这架飞机一动不动地停在新丘机场,对其它路过的伙伴迎来送往。
旅客发累了牢骚,开始无精打采地翻着手机。只有9排两端的一男一女,在一页一页翻着各自的书。
空姐开始送饮料,他要了加冰的矿泉水,她要了一杯椰子汁。
发晚饭时,他要了牛肉面条,她要了鱼肉米饭。
天色暗了下来,机舱里早已开了灯。
洛晨栩已经不能确定明天下午能不能顺利抵达广州,去做那台约定的手术。
赵小渔悬着的心倒是落下来一点,起码明天不用立刻进藏,就算要死也能缓缓。
也不知道读了多少首诗,窝在一个地方一动不动久了,竟然比一直奔跑还要累。赵小渔觉得背好疼,困得快睡着了。
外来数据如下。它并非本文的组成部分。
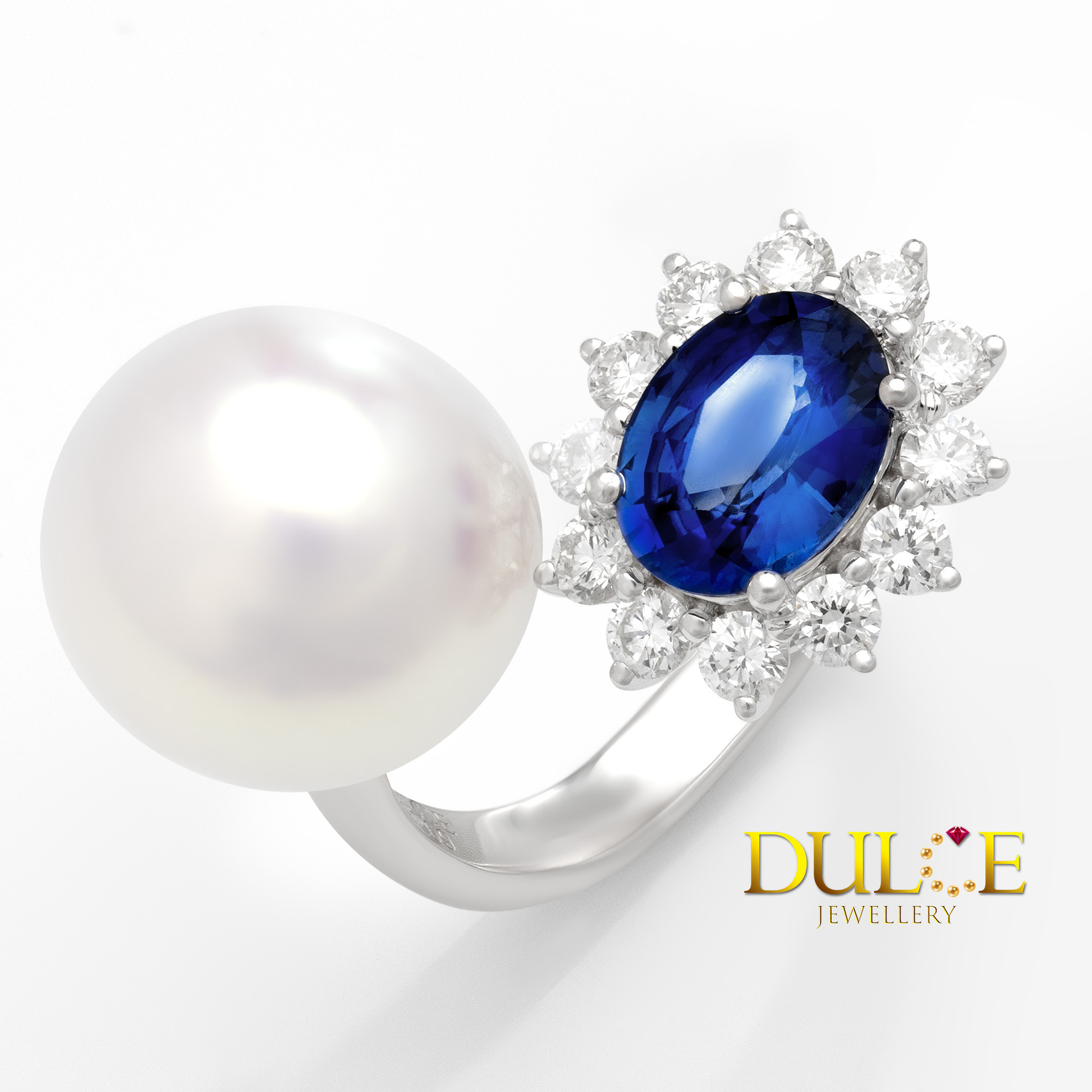 18K Gold Blue Sapphire & Freshwater Pearl Diamond Ring
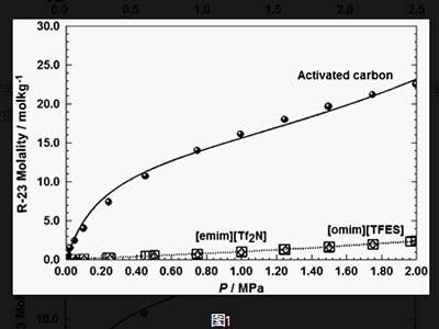 在活性炭上的吸附是選自顯著高于在離子液體中的溶解度 。在活性炭吸附的選自在2 MPa和298 K達(dá)到約22.7摩爾公斤−1而在離子液體的吸收達(dá)到約2.37摩爾公斤−1在2 MPa和298 K的活性炭具有一級(jí)吸附容量相對(duì)于離子液體。
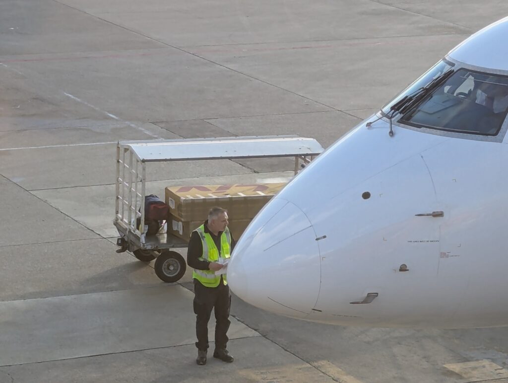 Na letisku 2x pokazím mašinu na nadrozmernú batožinu, 1x turniket na lístky a 1x oddeľovače na hadíkovanie ľudí. Pri nástupe do lietadla vidíme nakladačov batožiny, jak smutne zalamujú nad krabicami rukami. 2x hm.
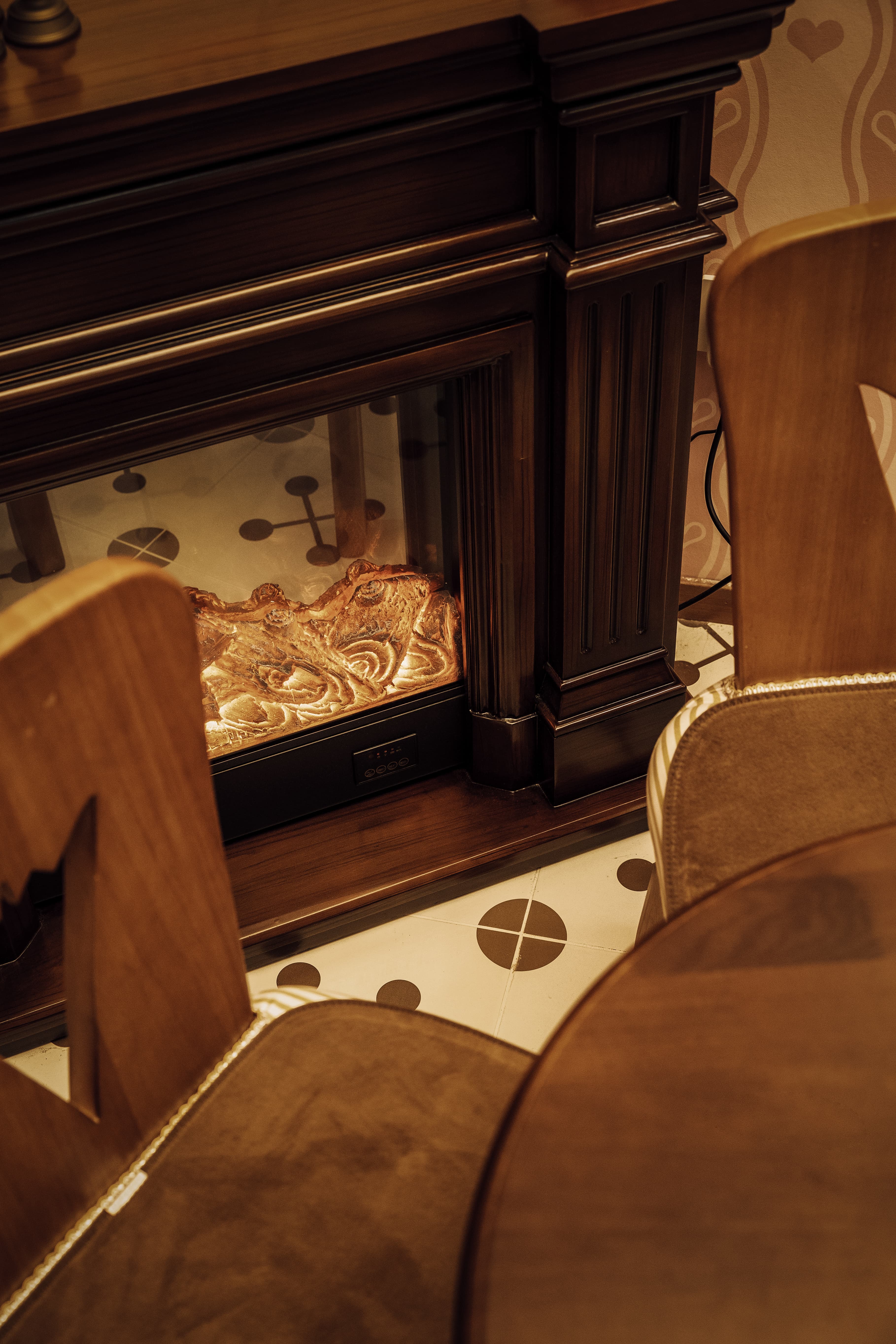 4. 吧台右侧做下沉圆形卡座区域,供多人顾客娱乐,斜墙位置做定制法式壁炉,内凹钢结构主体包裹墙纸做三层置物板放装饰摆件。 5. 吧台地面做分色花砖。
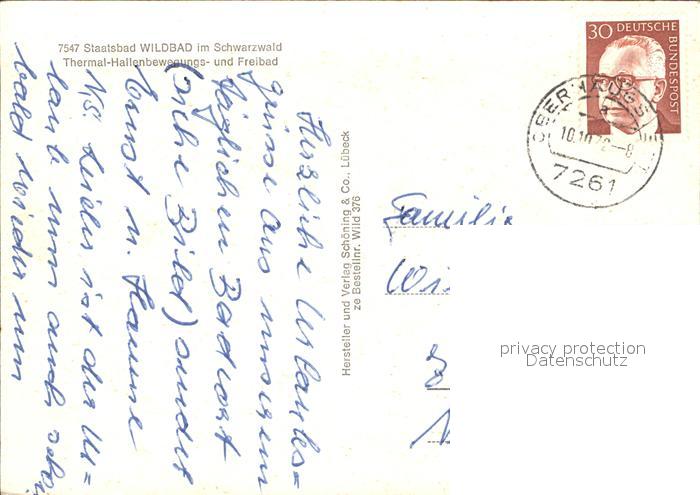 71928900 alte Postkarte Wildbad Schwarzwald Thermal Hallenbewegungs Freibad postalisch gelaufen Erhaltung siehe scans KatCode: 11110008235079
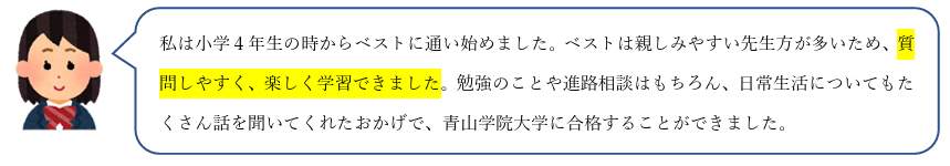 私は小学4年生の時からベストに通い始めました。ベストは親しみやすい先生方が多いため、質問しやすく、楽しく学習できました。勉強のことや進路相談はもちろん、日常生活についてもたくさん話を聞いてくれたおかげで、青山学院大学に合格することができました。
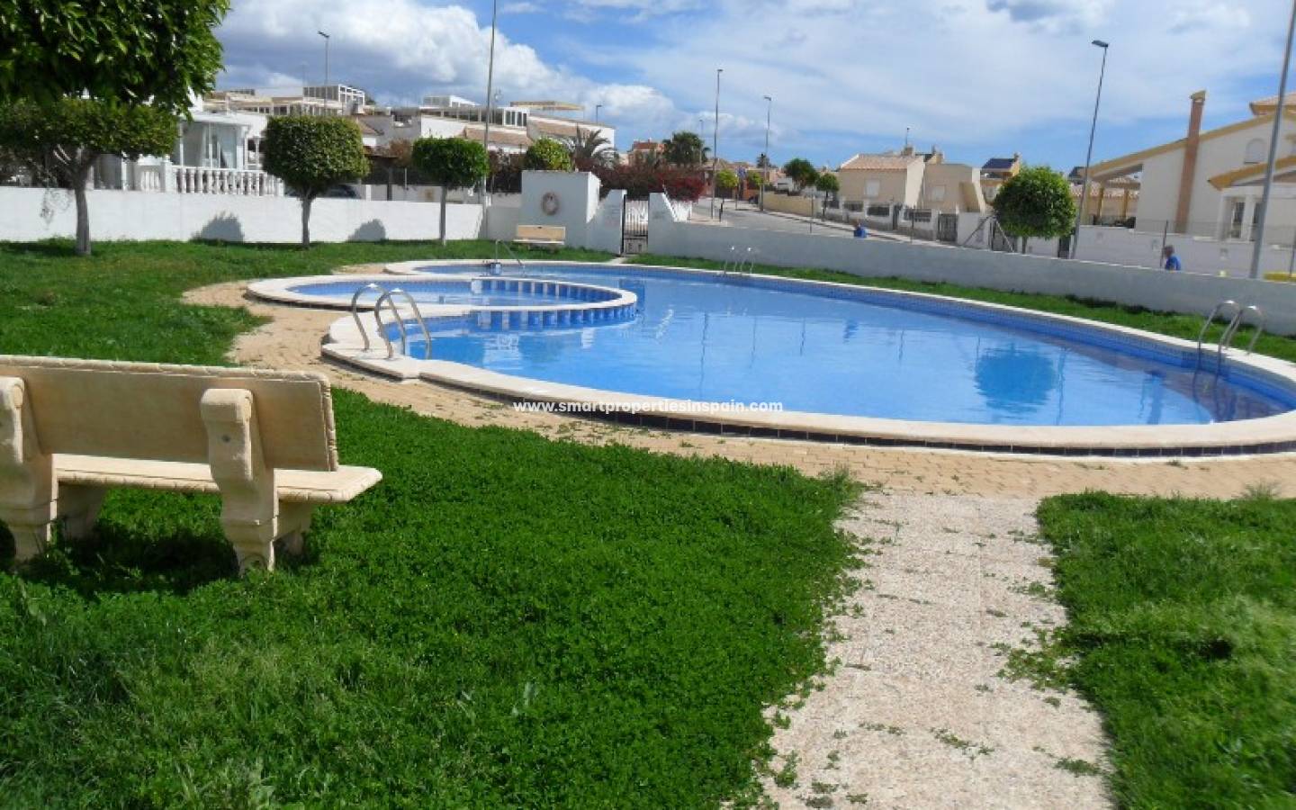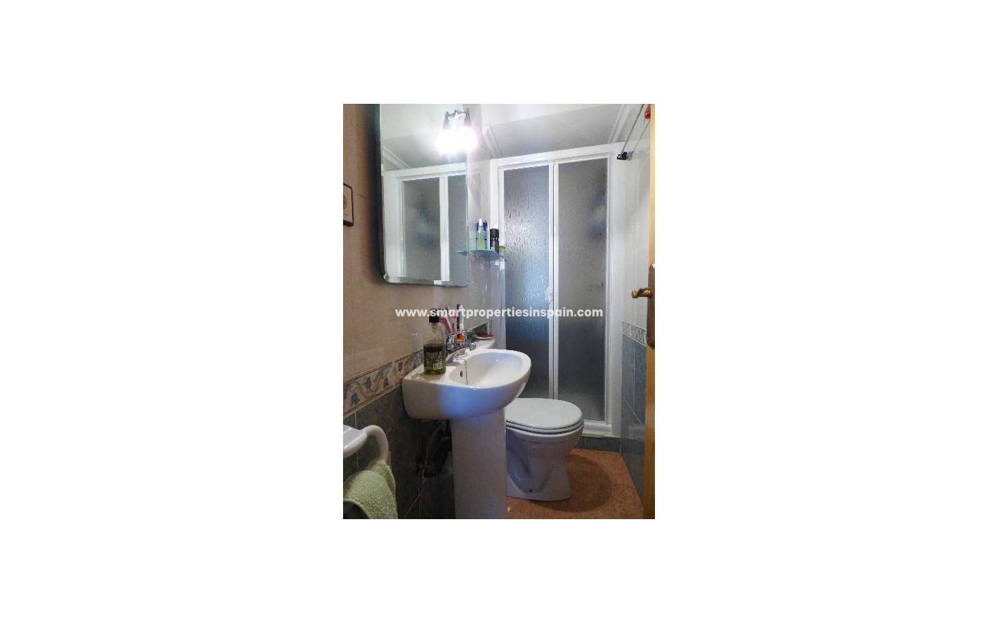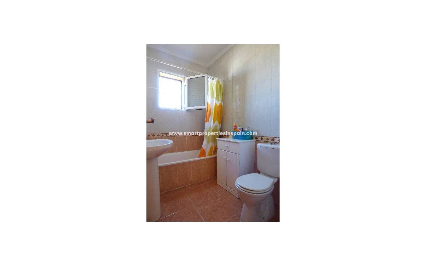 Nous vous présentons cette maison quad située à La Marina. Cette maison a 3 chambres doubles avec placards, 2 salles de bains, salon, cuisine séparée et un solarium tous disposés sur deux étages. Double vitrage et grilles de sécurité sur toutes les fenêtres. Dehors, vous trouverez un jardin carrelé avec parking hors rue et une piscine communautaire proche de la maison. Elleest meublé et dispose également de climatisation. La région offre un bon accès à toutes les commodités.
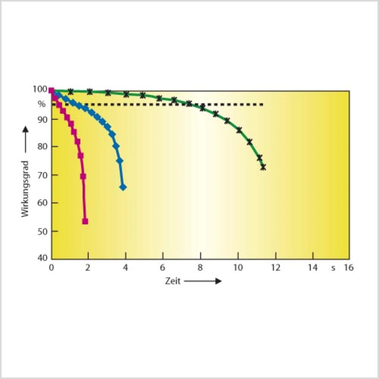 Untersuchungen zeigen, dass durch den extrem geringen Innenwiderstand des Ultrakondensators und die damit einhergehende hohe Effizienz bei relativ hohen Leistungen ein Wirkungsgrad von >90 % realistisch ist. Bild 7 stellt das Ergebnis einer Untersuchung bei konstanter Leistung dar. Die Effizienz ist =95 % bei Puls-Intervallen von 8 s bei 10 % Pml, über 2 s bei einem Viertel Pml bis hin zu 1 s bei 40 % Pml. Bei Ultrakondensatoren, die für Automobil-Anwendungen entwickelt wurden, liegt die Gesamt-Effizienz bei 95 % ... 98 %. Um die anspruchsvollen Anforderungen der Automobilindustrie zu erfüllen, wurden Energiespeicher in den letzten Jahren enorm weiterentwickelt. Derzeit können aber weder Li-Ionen-Zellen alleine die Anforderungen erfüllen, da beispielsweise ein signifikanter Anteil der Leistungsfähigkeit bei Temperaturen unter –10 °C verlorengeht, noch stellen Ultrakondensatoren aufgrund der geringeren Energiedichte eine Alternative dar. Um die konträren Vorteile beider Systeme optimal nutzen zu können, ist die aktiv-parallele Kombination von Ultrakondensatoren mit Li-Ionen-Akkus empfehlenswert.
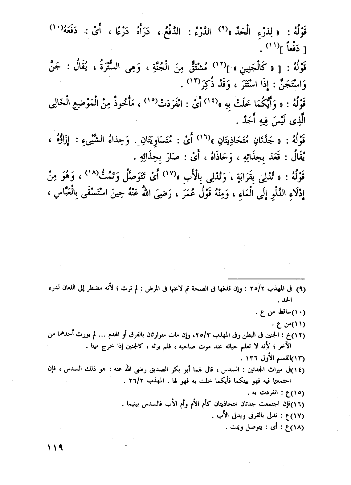 (¬14) فى ميراث الجدتين: السدس، قال لهما أبو بكر الصديق - رضي الله عنه -: هو ذلك السدس، فإن اجتمعتما فيه فهو بينكما فأيكما خلت به فهو لها. المهذب 2/ 26.
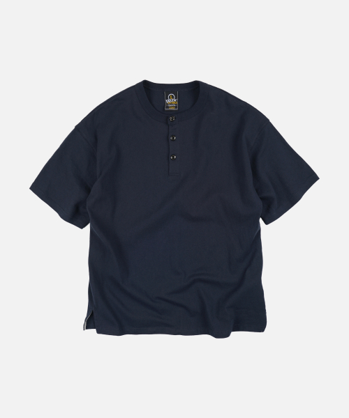 HENLEY NECK HALF TEE _ NAVY
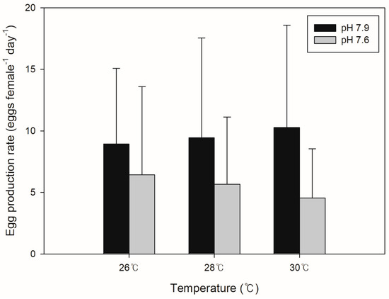 The mean EPR of the pH 7.9 and pH 7.6 groups was 9.60 and 5.60 eggs f−1 d−1, respectively. In more detail, at 26 °C, the mean EPR was 8.94 ± 6.13 eggs f−1 d−1 for pH 7.9 and 6.44 ± 7.15 eggs f−1 d−1 for pH 7.6. At 28 °C, the mean EPR was 9.44 ± 8.10 eggs f−1 d−1 for pH 7.9 and 5.67 ± 5.46 eggs f−1 d−1 for pH 7.6. At 30 °C, the mean EPR was 10.28 ± 8.29 eggs f−1 d−1 for pH 7.9 and 4.56 ± 3.99 eggs f−1 d−1 for pH 7.6 (Figure 3, Table 2). EPR significantly differed between pH 7.9 and 7.6 (F = 9.646, p = 0.0025). However, EPR did not differ among each temperature (F = 0.016, p = 0.9846). There was no significant difference for the interaction of pH and temperature (F = 0.5291, p = 0.5907).
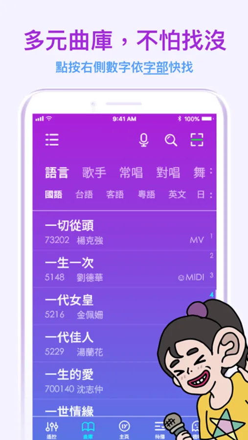 3. 語言、對唱、懷舊、情境、舞曲、節奏.. 精選分類曲庫,不怕找不到歌唱。
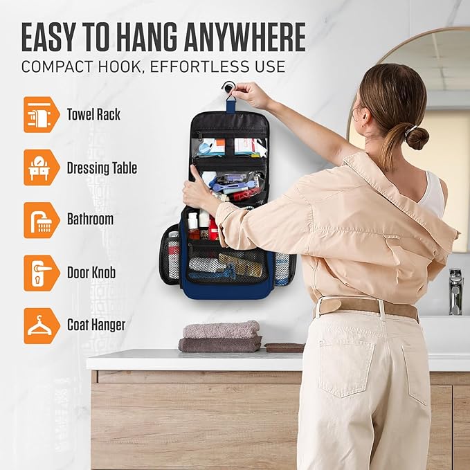 - HOOK & ORGANIZATION – 18 compartments and a versatile hook let you hang it, save space, or stand it upright when needed. Perfect for travel, camping, or at home.

晚上十点半,等到的不是起飞的消息,是安排他们在机场附近的宾馆先休息。
飞机上的安静又一次被爆破,被困在路上的人们几乎抓狂,只有赵小渔心里偷偷松了口气。
旅客在过道上排成排,仍坐在座位上看书的洛晨栩抬眼打量了一眼那个看唐诗的姑娘。
自来卷眼镜女孩。长了一脸痘痘,估计得要做几次仪器才能痊愈。
从穿着气质上看,她应该是个大学生吧,估计是暑假独自旅行的。
洛晨栩扬了下眉毛,有点羡慕。
想着自己大学的时候也有空转遍全国,现在每年里程数虽然急剧增加,却再也没空游山玩水,陪伴他的只剩下仪器和手术刀。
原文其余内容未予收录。